(View the complete code for this example.)
This example creates a classification tree model to determine important variables (parameters) during the manufacture of a semiconductor device. Some of the variables that are involved in the manufacturing process are as follows: gTemp is the growth temperature of substrate, aTemp is the anneal temperature, Rot is rotation speed, Dopant is the atom that is used during device growth, and Usable indicates whether the device is usable.
The following statements create a data set named MBE_Data, which contains measurements for 20 devices:
data MBE_Data;
label gTemp = 'Growth Temperature of Substrate';
label aTemp = 'Anneal Temperature';
label Rot = 'Rotation Speed';
label Dopant = 'Dopant Atom';
label Usable = 'Experiment Could Be Performed';
input gTemp aTemp Rot Dopant $ 39-40 Usable $ 47-54;
datalines;
384.614 633.172 1.01933 C Unusable
363.874 512.942 0.72057 C Unusable
397.395 671.179 0.90419 C Unusable
389.962 653.940 1.01417 C Unusable
387.763 612.545 1.00417 C Unusable
394.206 617.021 1.07188 Si Usable
387.135 616.035 0.94740 Si Usable
428.783 745.345 0.99087 Si Unusable
399.365 600.932 1.23307 Si Unusable
455.502 648.821 1.01703 Si Unusable
387.362 697.589 1.01623 Ge Usable
408.872 640.406 0.94543 Ge Usable
407.734 628.196 1.05137 Ge Usable
417.343 612.328 1.03960 Ge Usable
482.539 669.392 0.84249 Ge Unusable
367.116 564.246 0.99642 Sn Unusable
398.594 733.839 1.08744 Sn Unusable
378.032 619.561 1.06137 Sn Usable
357.544 606.871 0.85205 Sn Unusable
384.578 635.858 1.12215 Sn Unusable
;
The following statements create the tree model:
proc hpsplit data=MBE_Data maxdepth=6;
class Usable Dopant;
model Usable = gTemp aTemp Rot Dopant;
prune none;
run;
Output 68.5.1 shows the "Variable Importance" table.

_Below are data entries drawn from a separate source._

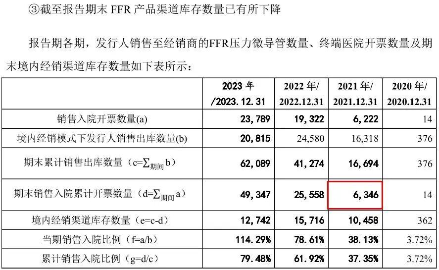 (截图来自科创板IPO第一版招股书申报稿) 上述数据的收集均提到了第三方市场调研机构弗若斯特沙利文,根据其官网介绍,弗若斯特沙利文是一家全球增长咨询公司,1961年成立于华尔街,1998年进入中国。公司利用数据库和专家库、运用专业知识和咨询工具,帮助客户加速成长步伐,助力客户在行业内取得增长、科创、领先的标杆地位,实现融资及上市等资本运作目标。近10年来,弗若斯特沙利文蝉联中国企业赴香港及境外上市行业研究顾问市场份额领导地位;且近年来,弗若斯特沙利文报告也被广泛引用于业内A股、科创板等上市公司的招股文件、一级和二级市场研究报告及其他资本市场公示文件中。 去年小杨哥带货美诚月饼翻车的事件闹得满城风雨,其中由弗若斯特沙利文颁发的“市场地位确认证书”就受到了广泛质疑。 核心产品销售价格异常,部分收入确认节点存疑 从此次IPO的申报材料来看,北芯生命针对FFR系统产品的信披存在多处疑点,其一是关于FFR主机的销售价格问题。 根据第一版招股书申报稿,2020年北芯生命的主营业务收入为158.76万元,其中FFR主机的收入金额为18.90万元,当期销售数量为14台。根据第一版首轮问询回复,2020年,北芯生命向大区经销商江苏大群医疗器械有限公司销售FFR主机10台,单价为1.86万元/台,合计金额为18.58万元。由此来看,那剩余4台FFR主机的合计销售金额仅为0.32万元。 但是从报告期内FFR主机销售情况来看,北芯生命销售给上海依舟贸易有限公司、广东海王医药集团有限公司等多个大区经销商的单价是没有差异的,均为1.86万元/台。 根据北芯生命的销售策略,其为促进产品的学术推广及宣传,提供限量的设备免费供终端客户试用。当样机转销售时,样机由固定资产转入存货,并确认收入及结转成本。但2020年,北芯生命也不存在FFR主机试用转销售的情况。这4台FFR主机的销售为何出现销售价格异常?销售对象又是谁呢? 其二,北芯生命对部分客户销售产品的确认收入节点异于常规。 根据招股书,在境内经销模式下,北芯生命在经销商支付货款后安排发货,并于经销商签收时点确认收入。其中大区经销商隶属于境内销售模式。 据首轮问询回复,大区经销商安顺利和(北京)医疗科技有限公司(下称“安顺利和”)成立于2020年6月,在公司成立当年,北芯生命未向其销售FFR压力微导管。但安顺利和2020年FFR压力微导管的进销存数据显示,入库数量为30根,出库20根,存货10根。 2021年,北芯生命向安顺利和销售FFR压力微导管2,143根。同期,安顺利和入库量为2,974根,比采购数量多出831根。也就说,安顺利和先收到货、确认入库,而北芯生命则在当年未对这831根FFR压力微导管确认收入。 再对照2022年和2023年1-6月,安顺利和确认的FFR压力微导管入库数量与北芯生命披露的销售数量则一一对应,分别为是731根、100根。 安顺利和的实控人是仲必文,仲必文曾于2021年10月前担任北芯生命的另一家大区经销商聚赢惠康(上海)科技服务有限公司(下称“聚赢惠康”)北京分公司的负责人。而且,2021年安顺利和还自聚赢惠康承接北芯生命华北大区的经销业务。但安顺利和与聚赢惠康不属于同一控制下的企业,且无关联关系。 从聚赢惠康的进销存数据来看,2020年,FFR压力微导管的入库数量和出库数量均为30根,北芯生命对其销售数量也为30根。2021年,聚赢惠康采购产品的入库数量和出库数量均为831根,北芯生命对其销售数量也为831根。 此外,北芯生命还存在一个明显的信披错误。 因更新年报财务数据,北芯生命公示了第二版首轮问询回复。该文件中,北芯生命将FFR压力微导管2021年和2022年的期末销售入院累计开票数量从原来的5,931根、23,914根调整为6,236根、25,558根。而第二版首轮问询回复的其他部分,2021年期末销售入院累计开票数量又出现第二个数据版本6,346根。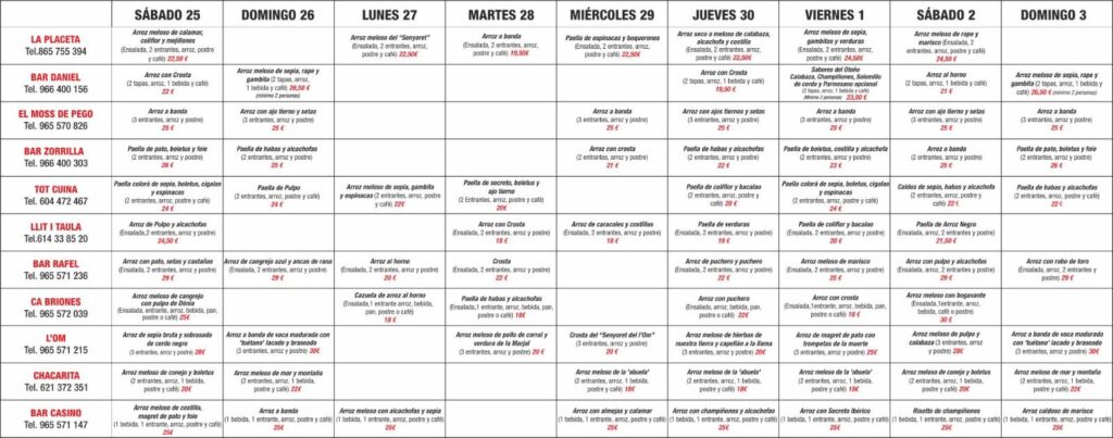 Tots ells han facilitat els menús que han previst per a cadascuna de les jornades que abasten el 26 d’abril al 3 de maig, en els que alternen els plats tradicionals amb altres d’innovació culinària elaborats amb ingredients de proximitat. Menús amb els que la Regidoria de Promoció Econòmica-CREAMA ha configurat una graella de cara a les reserves de la clientela y poder atendre-la amb la pertinent previsió, que queda publicada tant en els mitjans de comunicació com en les xarxes socials de l’Ajuntament i el Consorci de Reactivació Econòmica de la Marina Alta.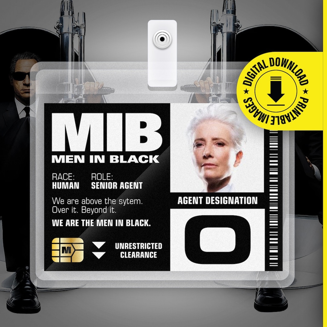 MIB Agent M Men In Black ID Badge Card Halloween Cosplay Costume Name Tag Printable PDF File Card Size 2 375 In X 3 375 In Etsy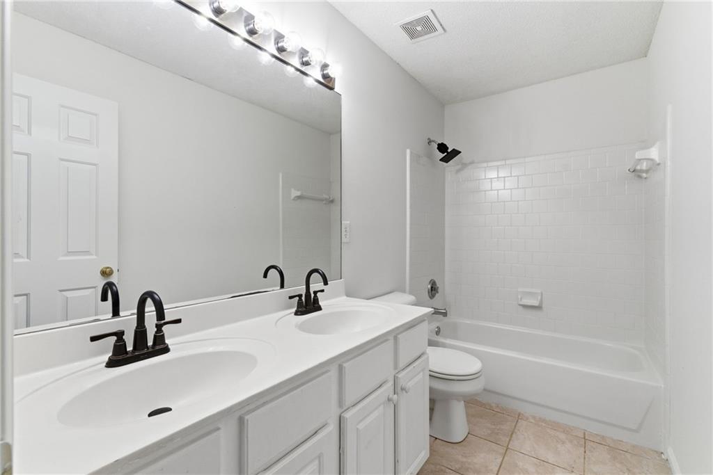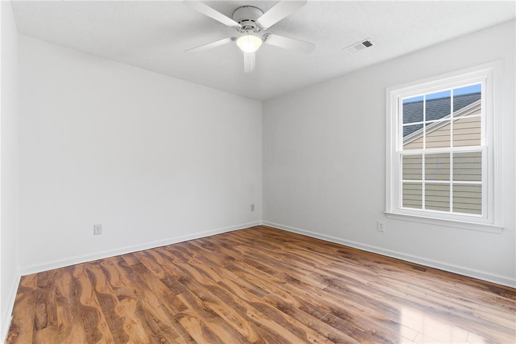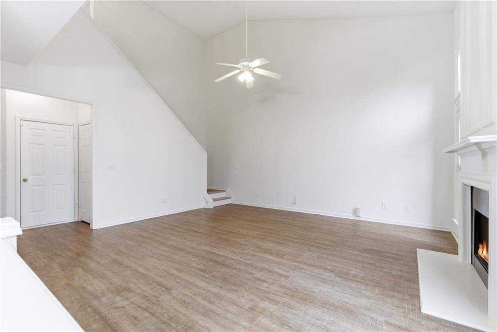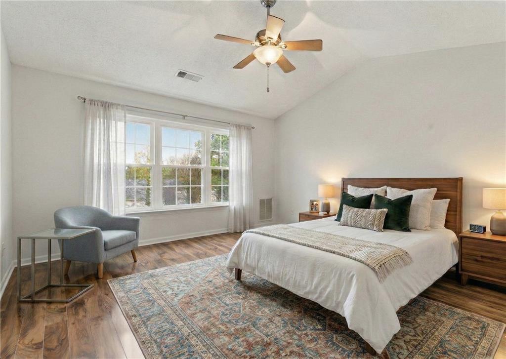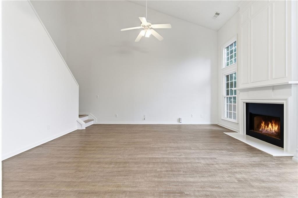 Lovely home in a prime Johns Creek location, tucked in an active swim and tennis community. Featuring charming brick accents, a covered front entry, two-car garage, and fenced, tree-lined backyard. Major updates provide peace of mind, including a new HVAC (2025), newer roof and hot water heater (5 years), and newer windows (6 years). The interior has been freshly painted throughout for a clean, move-in-ready feel. The welcoming foyer opens to a formal dining room with classic wainscoting and an adjoining formal living or flex space. The layout flows seamlessly into the eat-in kitchen with granite countertops, stainless steel appliances (all included), and direct access to the patio, perfect for entertaining. The adjoining two-story family room impresses with a floor-to-ceiling fireplace and a wall of windows that fill the space with natural light. A convenient half bath completes the main level. Upstairs, the vaulted primary suite features French door entry into the bath, a double vanity with makeup counter, and a relaxing garden tub. Two additional bedrooms and a full bath provide comfortable accommodations for family or guests. Enjoy outdoor living within your private, fenced backyard. Community amenities include a lap pool, shallow area for little swimmers, tennis courts, pickleball, playground, basketball, and more. Ideally located just minutes from the hospital, top-rated schools, shopping, dining, golf courses, parks, recreational facilities, and major highways for an easy commute.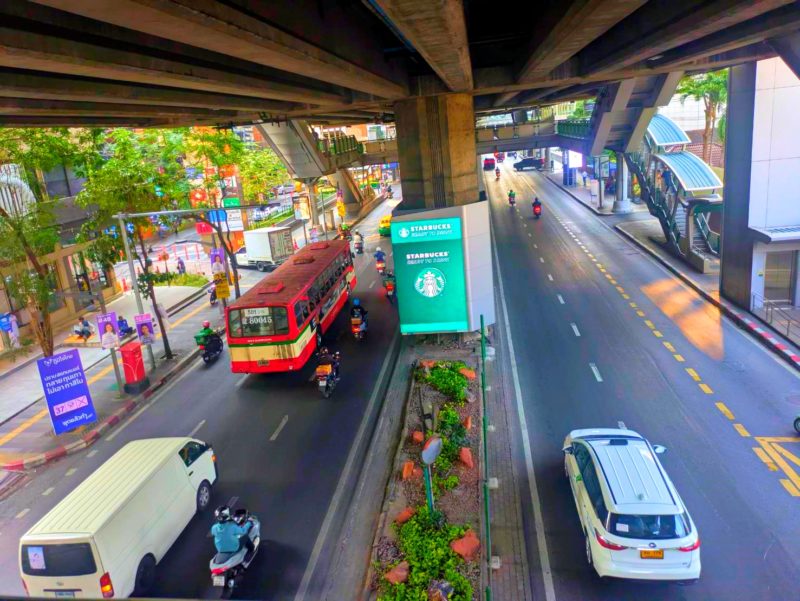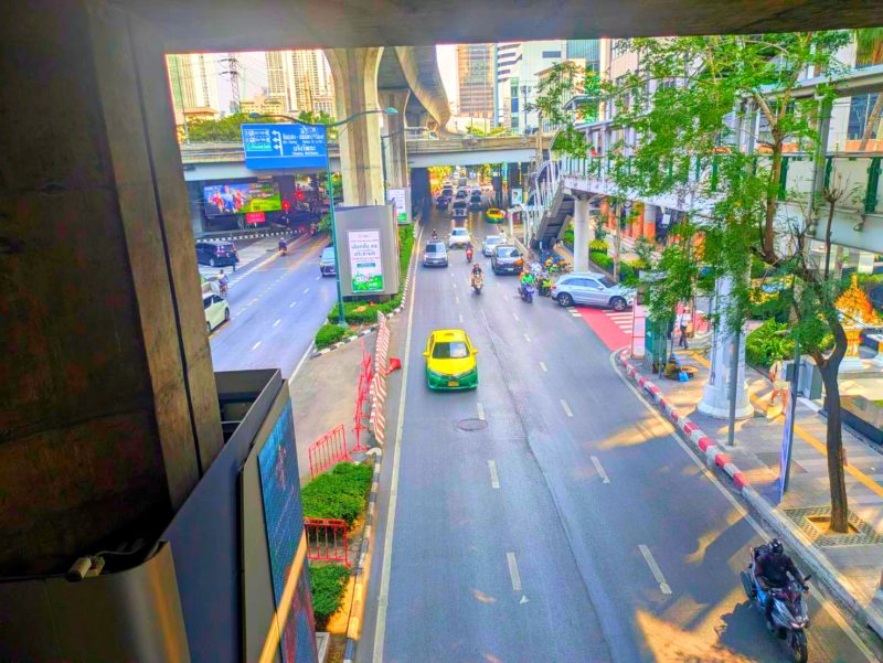 ここは若干迷子になって高架歩道を渡ったときに撮った写真。同じくここがどの辺りなのか覚えていませんが、大都会の感じからバンコクど真ん中でしょうきっと!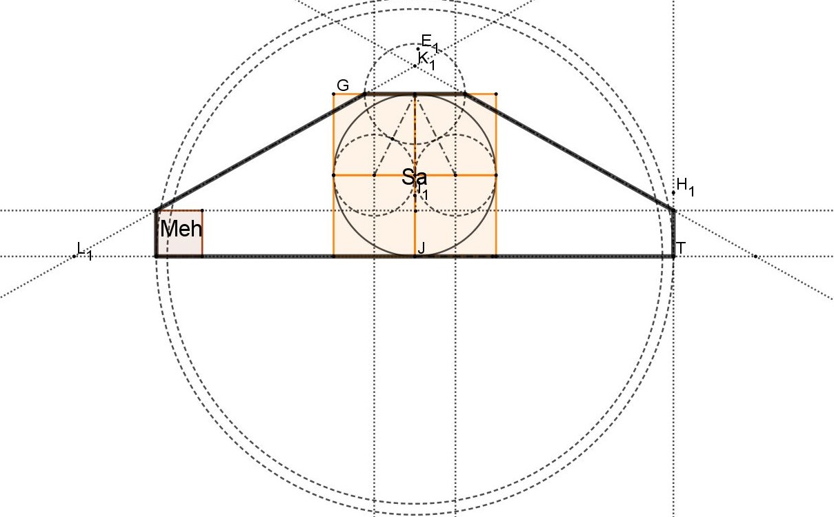 Plate forme en haut de 11.44 mètres, l'exact 18.512 divisé par Phi, le nombre d'or.
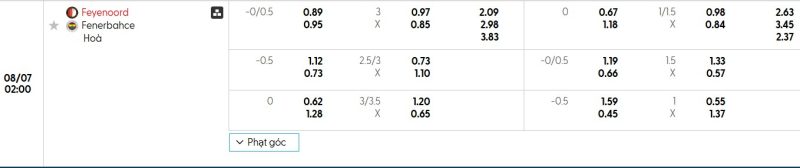 - Kèo tỷ số bóng đá hiệp 1: Feyenoord 1-2 Fenerbahçe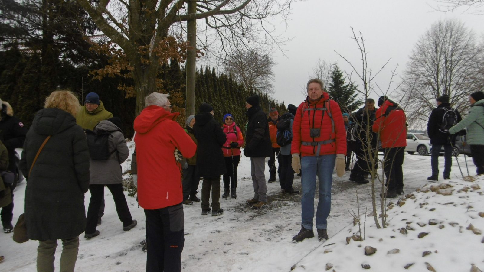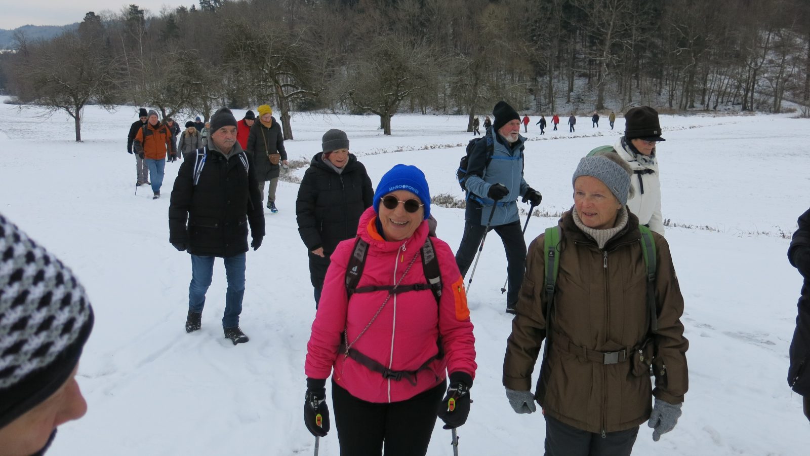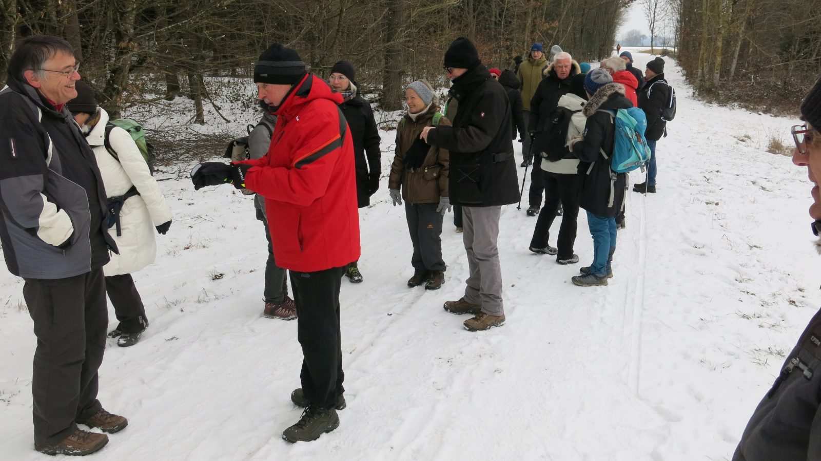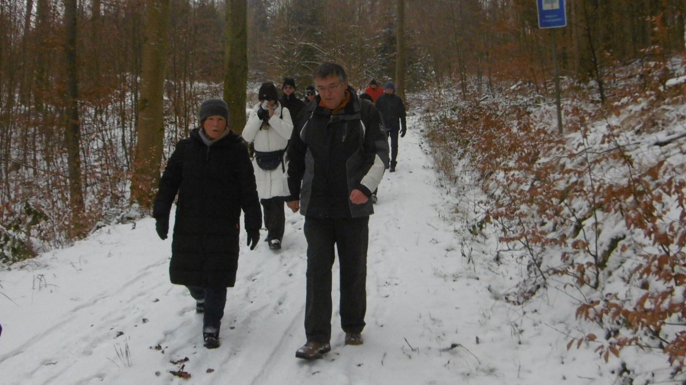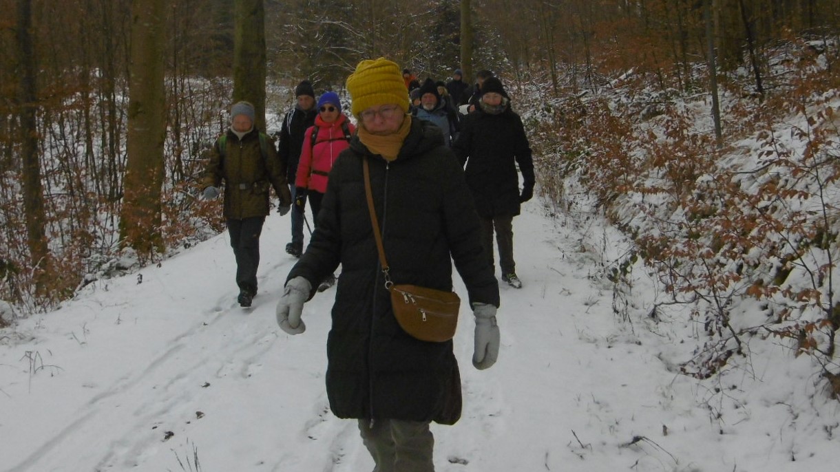 Wandergruppe über Steinbach a.W. und Bautzenhof durch den traumhaft verschneiten Wald hinab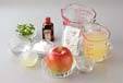リンゴは縦6~8つのくし切りにする。1切れは皮ごと芯を取り、5mm角に切る(さいの目切り)。残りは皮をむいてすりおろし+リンゴジュースで350mlにしておく。
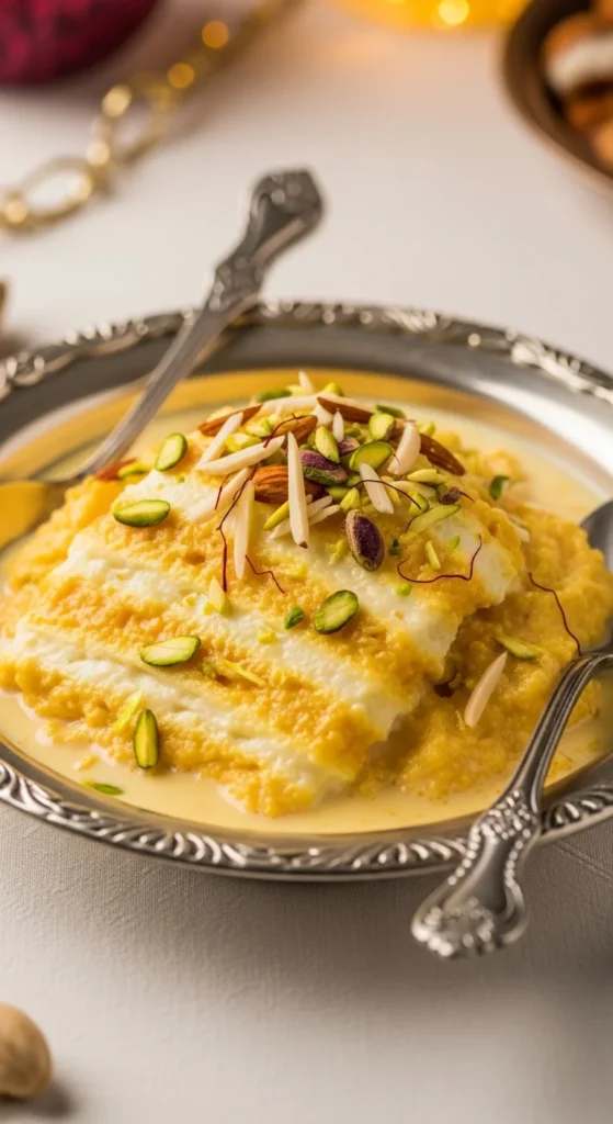 Serve warm in small portions because it is rich. Press lightly into small bowls and flip onto plates if you want a neat shape. Add extra pistachios or edible silver leaf for that proper dawat look people notice immediately.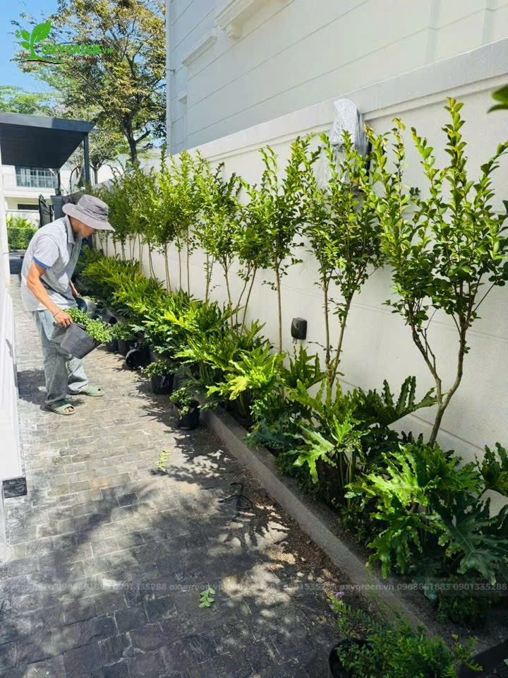 Sau khi khảo sát và thống nhất phương án, đội ngũ thi công bắt đầu cải tạo lại toàn bộ bồn cây dọc theo tường rào và lối đi. Anh em tiến hành xử lý đất trồng, bố trí cây theo từng tầng cao – thấp để tạo chiều sâu cho không gian.

Output 68.5.1: Variable Importance
| Variable Importance | ||||
|---|---|---|---|---|
| Variable | Variable Label |
Training | Count | |
| Relative | Importance | |||
| gTemp | Growth Temperature of Substrate | 1.0000 | 2.1022 | 2 |
| Dopant | Dopant Atom | 0.7522 | 1.5811 | 1 |
| aTemp | Anneal Temperature | 0.6228 | 1.3093 | 1 |
| Rot | Rotation Speed | 0.3250 | 0.6831 | 1 |
This table shows that the predictor gTemp has the largest value. This means that the growth temperature of substrate is the most important consideration in determining the usability of the sample.